September 9, 2012 § Leave a comment

Our program this month brings together a leading researcher on addictive behavior with a songwriter and singer addicted to making music. Music draws us in, gives us a spiritual high, and so does science. But is that just loose talk, or does our dependence on music –those earbuds!– have a kinship to much more destructive substance abuse?

Come hear Carl Hart from Columbia University talk of his forthcoming book and his work on methamphetamine. Dorian Devins comes to us from, of course, Hell’s Kitchen – hear her every Friday at the Linc on W. 42nd — to bring us her remarkable new jazz songs. She will feature music from her forthcoming album, The Procrastinator.

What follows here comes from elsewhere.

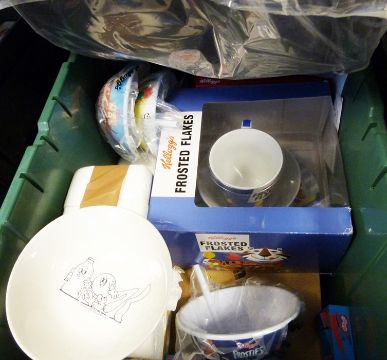 Kellogg's collectables to include Tony the Tiger Grand Prix made by Wade, Tony the Tiger Wade, another money box, Tony the Tiger milk bottles with straws, Kellogg's stainless steel cutlery, a Kellogg's chicken transistor radio, Kellogg's carrier bag, box Frosted Flakes set, etc. (2 boxes)

June 10, 2012 § Leave a comment


Even your brain doesn’t have the capacity to process everything in the environment simultaneously! The brain’s solution to this problem is to select from the environment things to process, and to filter out other things, so as not to waste brain energy on them. This filtering process is called attention.

Michael E. Goldberg, David Mahoney Professor of Brain and Behavior at Columbia University, and Ellen K. Levy, an artist and educator at the Institute for Doctoral Studies in the Visual Arts who has long visualized interconnections between art and scientific investigations, will describe the art and science of attention – how the brain organizes attention and how the artist uses it to shape what the viewer looks at and thinks about.

Goldberg will explore the trajectory of his original experiments on the cerebral cortex demonstrating how the brain creates a priority map of the world by integrating topdown and bottom up signals. Levy will expand on their collaboration, which led her to conduct a mischievous experiment, involving inattention blindness and 3-Card Monte in several galleries that functioned as atypical ‘laboratories’ for exploring the realm of human behavior.


May 13, 2012 § Leave a comment


So, a particle physicist and a singer-songwriter walk into a club in the West Village… and it’s no joke!

For at its heart, the physical world is a musical world. From the vibrations of a guitar string to the sunlight that sweeps away the dark, and even as far as the notorious Higgs boson, our universe is awash in waves.

Professor Matt Strassler, host of the website “Of Particular Significance”, and Andrea Wittgens, “silver-tongued” singer-songwriter-pianist, join forces to reflect on these notions from perspectives scientific, sonic and poetic.

They’ll sing us tales of the unknown, turn the volume down to the quantum level, shine photons on the mysterious particles of nature, and have fun doing it! And you’ll leave knowing why the grandest of all musical instruments is the universe itself.


April 8, 2012 § Leave a comment


In the early 1970’s, John Adams began to write music that combined his interest in American popular music, the classics, and electronics. Inspired by the waveform transformation that occurs in a modulating circuit, Adams set out to write music “as if the piano was a generator of waveforms,” by using loops, phasing, and algorithmic devices. Pianist Jeff Lankov will perform Adams’ first exploration into minimalism, the revolutionary Phrygian Gates; as well as his “manic, bipolar scherzo,”American Berserk.

Waves are at the heart of what Ken Perlin does. Ken, who directs the NYU Games for Learning Institute, is an Academy Award winning computer scientist at NYU’s Media Research Laboratory who has created a goodly number of the techniques used in today’s cinema. His interests include animation with personality, realistic textures, and educational computer games. For this event, he will be creating original graphically animated work inspired by Jeff’s interpretation of John Adams’ music.